Models That Cannot Be Disaggregated

GLM-5: OOM at TP=4 (weights 176 GB/GPU exceed 179 GB VRAM)
Nemotron Nano: Mamba hybrid KV cache incompatible with NIXL
MiniMax M2.5: vLLM 0.16.0 crash (n_group=0 incompatibility)
Nemotron Super 49B FP8: FlashInfer FP8 + NIXL layout assertion failure

When Disaggregation Helps

High input-to-output token ratios (RAG, summarization with 10K+ input)
SLA-driven workloads where TTFT matters more than throughput
Asymmetric GPU allocation (e.g., 6P+2D)
Multi-node deployments (where NIXL overhead is amortized)

Workarounds Required

--no-enable-flashinfer-autotune: sm_100 autotuner segfaults; uses pre-compiled cubins (benchmarked impact: <6% variance, production-viable)
--connector none for aggregated mode or bf16 models for disaggregated: Mamba hybrid KV cache incompatible with NIXL
--no-enable-prefix-caching: incompatible with hybrid KV cache

Key Findings

Active parameter count predicts per-GPU throughput. 3B active (Nemotron Nano) = 9,415 tok/s/GPU; 10B (MiniMax) = 2,210; 37B (DeepSeek) = 546; 40B (GLM-5) = 267.
NVFP4 is the NVIDIA HGX B200's killer feature. 1.65x cost-efficiency over FP8, with ~124,000 tok/s aggregate per node from 8 single-GPU instances.
KV cache architecture determines scaling.
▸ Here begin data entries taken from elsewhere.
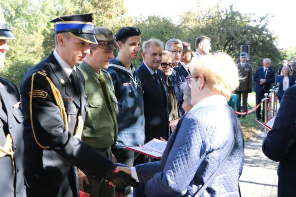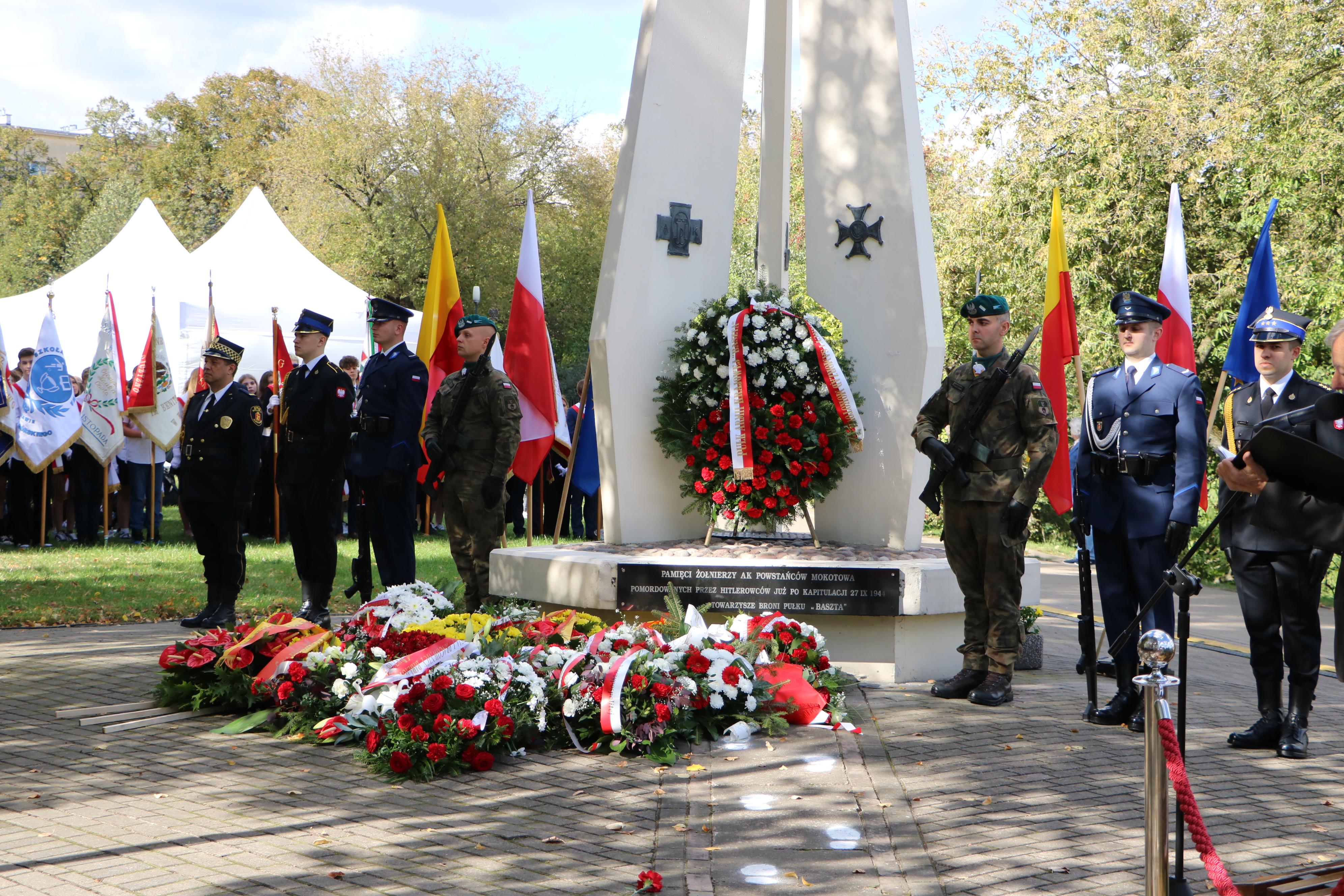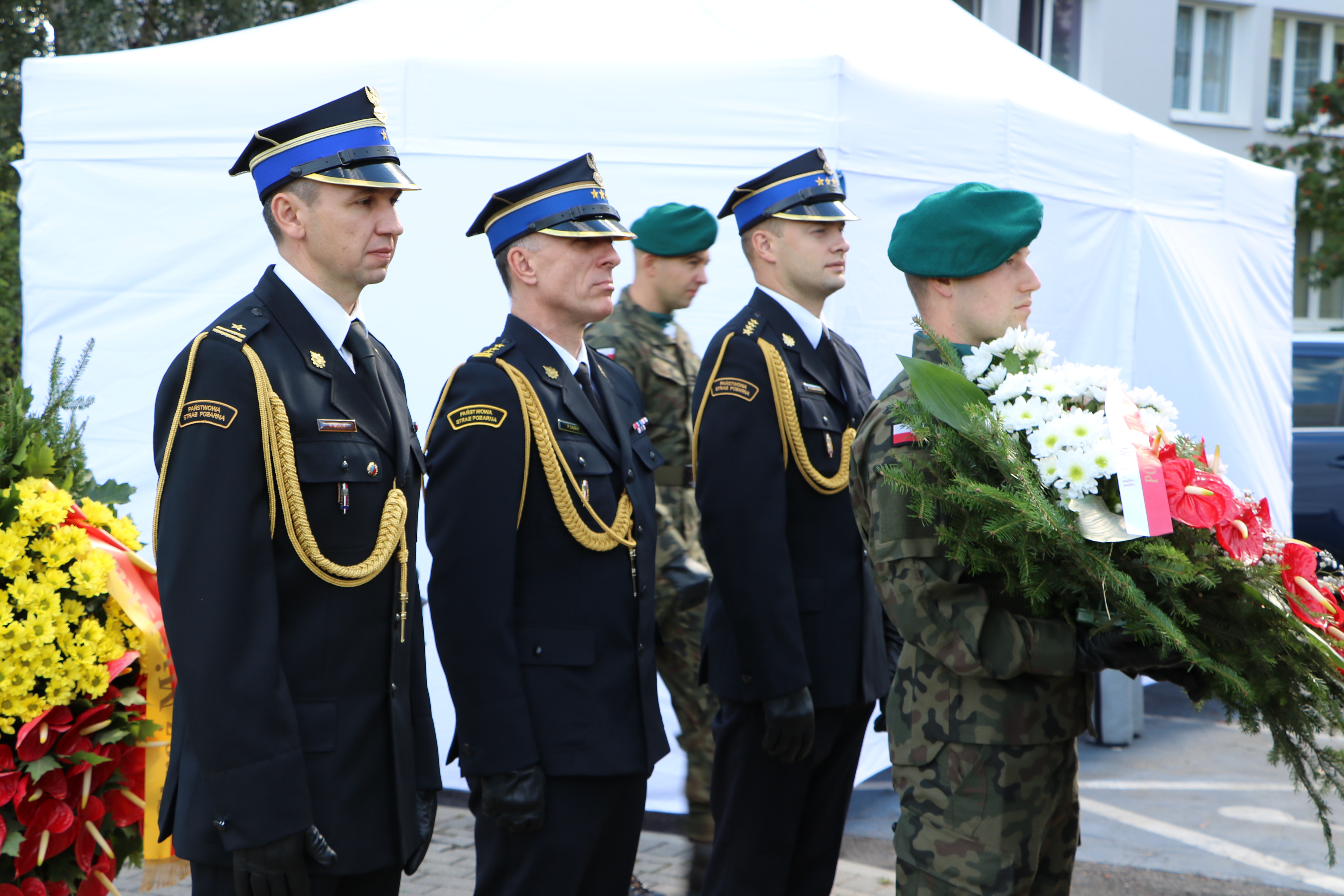 W uroczystości wieńczącej obchody 2.10.2024 udział wzięli oraz w imieniu PSP złożyli wieniec: Zastępca Mazowieckiego Komendanta Wojewódzkiego st. bryg. Piotr Gąska oraz Zastępca Komendanta Miejskiego PSP m.st. Warszawy bryg. Michał Płachta.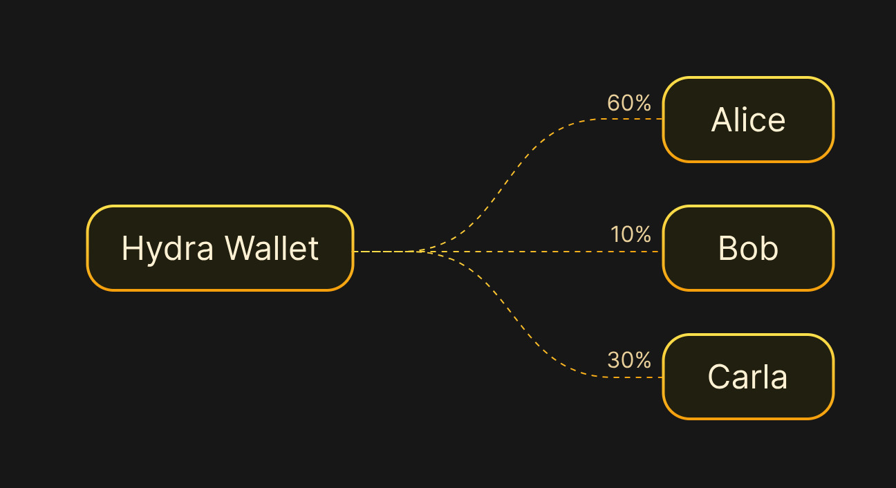 Hydra 促进了共享钱包的功能,按照预定义的份额在多个利益相关者之间分配资金。它支持 SOL 和 SPL 代币,使资金分配更加公平,尤其对 DAO 和协作项目具有重要价值。Hydra 提供了三种会员模型——钱包、NFT 和代币——可以根据钱包所有权、质押代币或 NFT 持有量进行分配。Hydra 的链上跟踪确保了透明性,使团队和社区能够高效地管理共享资金。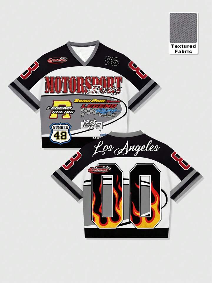Prep T-shirt à col V casual pour homme, avec imprimé lettre, manches courtes, pour l'été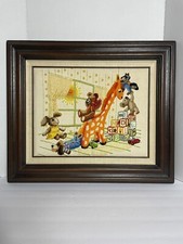 Vintage Playtime for Toys Crewel Embroidery Nursery Art Framed 26” X22” 80’s J1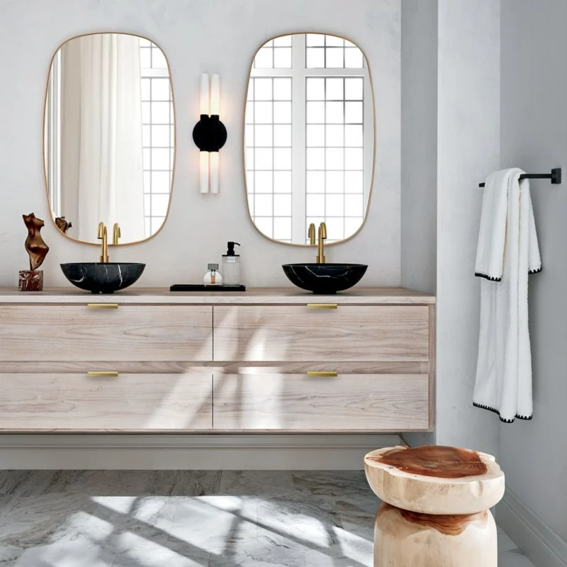 Drawer edge pull by Barcelona-based Mermelada Estudio sports sleek lines and subtle curved design details, crafted of solid brass that elevates any space. Learn about Mermelada Estudio on our blog. CB2 exclusive.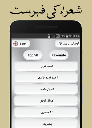 ✔️Ahmad Faraz ✔️Ahmad Nadeem Qasmi ✔️Aitbar Sajid ✔️Akbar Ilabadi ✔️Ada Jafri ✔️Bashir Badar ✔️Bahadur Shah Zafar ✔️Parveen Shakir ✔️Jigar Muradabadi ✔️Jaun Elia ✔️Hasrat Mohani ✔️Zahra Nigah ✔️Sahir Ludhiyanvi ✔️Saleem Kousar ✔️Zafar Iqbal ✔️Allama Muhammad Iqbal ✔️Faiz Ahmad Faiz ✔️Firq Gorakhpuri ✔️Kishwar Naheed ✔️Gulzar ✔️Mirza Asad Ullah Galib ✔️Munir Niazi ✔️Mir Taqi Mir ✔️Noshi Gillani ✔️Nasir Kazmi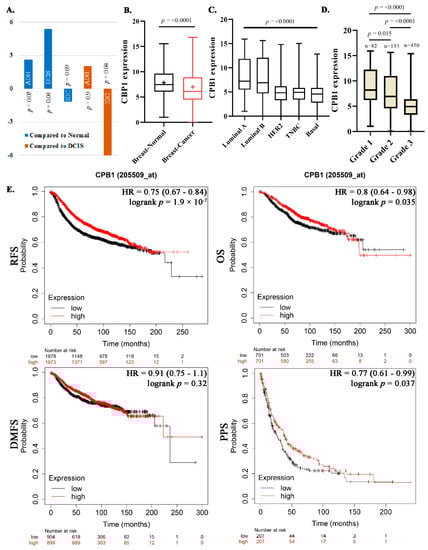 Expression of carboxypeptidase B1 (CPB1) in human transcriptome array (HTA) data and breast cancer (BC) datasets. Fold change in the expression level of CPB1 gene according to HTA analysis. Five samples for each step of BC progression were used for HTA analysis. p-value was determined by one-way between-subject ANOVA (A). The expression level of CPB1 in breast cancer tissue samples (N = 5574) than normal breast tissue samples (N = 474). p-value was calculated by unpaired Student’s t-test (B). The expression level of CPB1 across different BC molecular subtypes of BC patients: luminal A (N = 379), luminal B (N = 244), HER2 (N = 230), TNBC (N = 251) and basal (N = 363) in a gene expression database (GENT2) dataset. The p-value was calculated using Kruskal–Wallis one-way analysis of variance (C). The difference in CPB1 expression pattern according to the tumor’s grade in the GENT2 dataset (D). Effect of CPB1 on survival outcome of BC patients: RFS = reversal free survival; OS = overall survival; DMFS = distance metastasis-free survival; PPS = post-progression survival (E).

Mamba, MLA, and Lightning Attention scale to ~512 concurrent. DSA (GLM-5) saturates at ~128 due to active parameter pressure on KV cache.
Dynamo disaggregation is situational on single-node. Clear wins at low concurrency and high input ratios. Aggregated mode scales better at high concurrency due to per-worker memory constraints. Multi-node is where disaggregation shines.
Goodput-optimal != throughput-optimal. Operators should target c=32-64 for interactive SLAs, c=256-512 for batch processing.
All 5 models scale linearly to saturation with minimal failures on NVIDIA HGX B200, demonstrating production readiness of the hardware + vLLM stack.